Dificilmente Hugo Chávez voltará a Caracas para tomar posse na próxima quinta-feira. Há vários cenários que poderão ocorrer nos próximos dias, mas a Constituição venezuelana é clara, segundo o disposto nos artigos 231, 233 e 234:
Se Chávez não puder tomar posse no Congresso no dia 10 de janeiro, a Constituição prevê que o presidente poderia prestar juramento diante da Supremo Tribunal de Justiça, sem especificar a data ou o local. A redação vaga dá margem a interpretações, que não deveriam se chocar com a Carta Magna.
O presidente da Assembleia Nacional, Diosdado Cabello, e o vice-presidente do pais, Nicolás Maduro, defendem que a data prevista na Constituição é apenas um "formalismo", interpretando o final do artigo 231 como que permitindo uma "flexibilidade dinâmica". Afirmam que a posse pode se dar em data posterior não determinada. A oposição, contudo, diz que o governo atual termina no dia 10 de janeiro, devendo o presidente da Assembleia Nacional assumir a presidência, de acordo com o artigo 233.
Se o Congresso no dia 10 de janeiro declarar Chávez temporariamente ausente, o vice-presidente assume a presidência por até 90 dias, prorrogáveis por 90 dias (artigo 234).
Se o Congresso declarar Chávez permanentemente incapacitado para assumir a presidência ou se ele morrer antes de 10 de janeiro, o vice presidente, Nicolás Maduro, terminaria o mandato que se encerra no fim da semana. Em seguida, o presidente da Assembleia Nacional venezuelana, Diosdado Cabello, assumiria a presidência e novas eleições seriam convocadas em 30 dias.

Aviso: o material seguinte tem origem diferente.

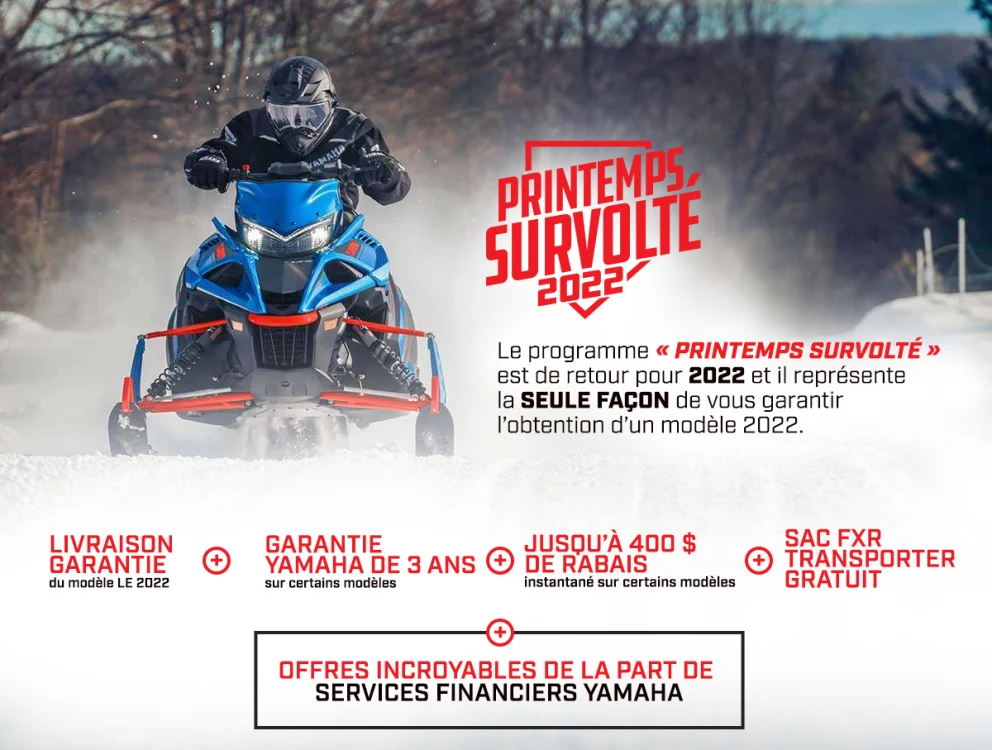 2022 amène son lot de nouveautés dans les motoneiges de sentier chez Yamaha, spécialement en termes de Yamaha à 4 temps. Ces motoneiges de sentier sont durables, robustes et fiables. SM Sport vous propose plusieurs modèles qui rendront vos randonnées et vos longues distances sécuritaires et surtout, confortables!
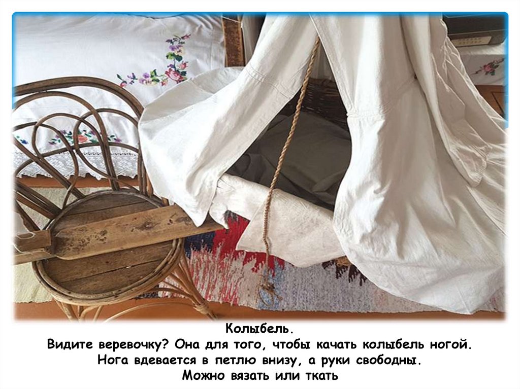 Колыбель.Видите веревочку? Она для того, чтобы качать колыбель ногой.
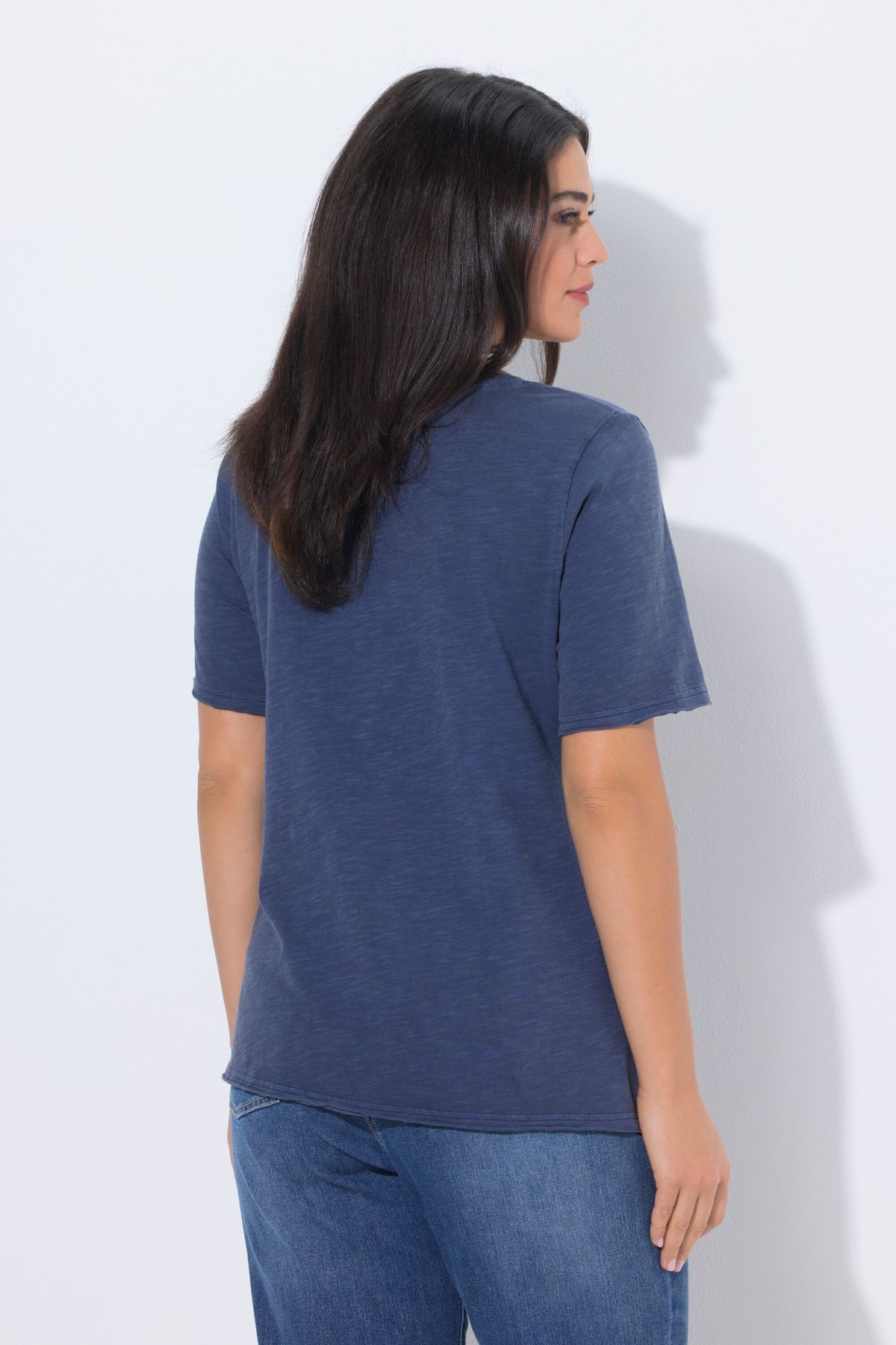 Tissu jersey finement texturé, motif papillon, Décolleté en V arrondi, Coupe Classic Fit, Manches courtes, Pur coton, Long. selon taille env. 68-76 cm.
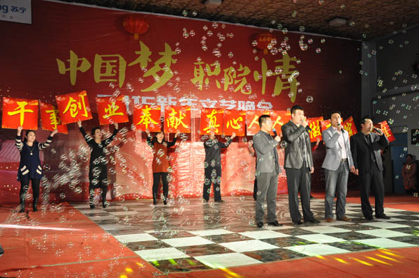 本場聯歡會,師生職工同臺情深意濃,形成“凝心聚力謀發展,同心同德促建設”的良好勢頭。2015年我們將在新起點以新面貌開始新征程。相信在師生的共同努力和不懈奮斗下,張職院的明天必將更加美好!
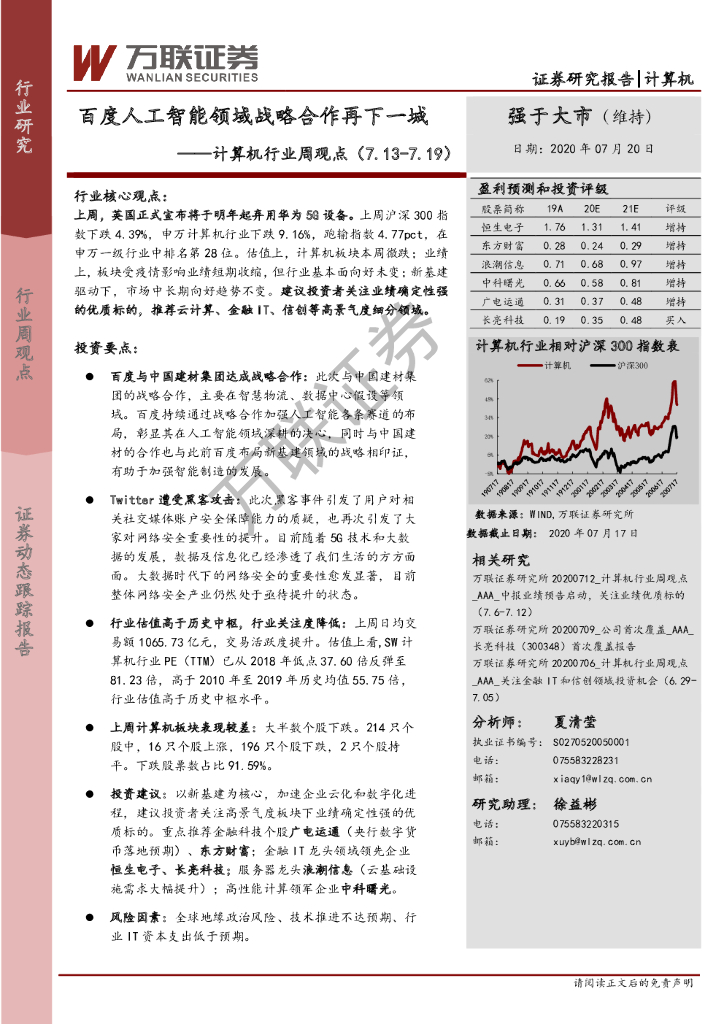 万联证券:计算机行业周观点:百度人工智能领域战略合作再下一城.pdf
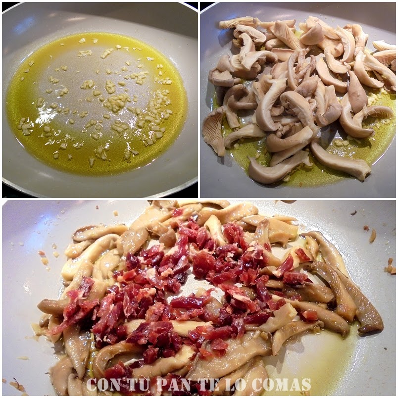 El de hoy es de setas y jamón ibérico, un clásico que gusta a todo el mundo (a todo el mundo que le gusten las setas...), y encima de unas rebanadas tostadas de pan payés o de pueblo, te resuelve una cena estupendamente si lo acompañas de una ensalada.

Na hipótese de Chávez assumir em 10 de janeiro e falecer em seguida ou se sua doença forçar o Congresso a declará-lo incapacitado permanentemente, o vice-presidente assume a presidência e novas eleições deveriam também ser realizadas em 30 dias.
O governo brasileiro enviou a Havana o assessor internacional da Presidência, Marco Aurélio Garcia, para se informar da real situação médica de Hugo Chávez e certamente também dos planos em relação à posse no dia 10. A ida de Marco Aurélio Garcia, e não do ministro Patriota, e a decisão de não envolver apenas o embaixador brasileiro em Havana mostram o grau de preocupação política do governo. Não só pela proximidade e afinidade de Chávez com Lula e com Dilma, mas também pelas conotações ideológicas que dramatizam a questão.
Ainda está presente na memória recente a dura posição adotada pelo governo brasileiro no âmbito do Mercosul, com a suspensão do Paraguai do grupo em função do juízo político do presidente Lugo no Congresso, sob o argumento de que houve um golpe e que a constituição não foi cumprida.
A Venezuela agora é membro pleno do Mercosul. Se Chávez não tomar posse no dia 10 e o mandato presidencial na prática for estendido, a cláusula democrática poderá ser invocada e terá de ser apreciada.
Será muito difícil para os países do Mercosul ou da Unasul apoiarem a posição - que deverá prevalecer - do presidente da Assembleia Nacional, Cabello, e do vice-presidente Maduro, favoráveis ao adiamento sine die da posse, com base em interpretação sem qualquer respaldo legal.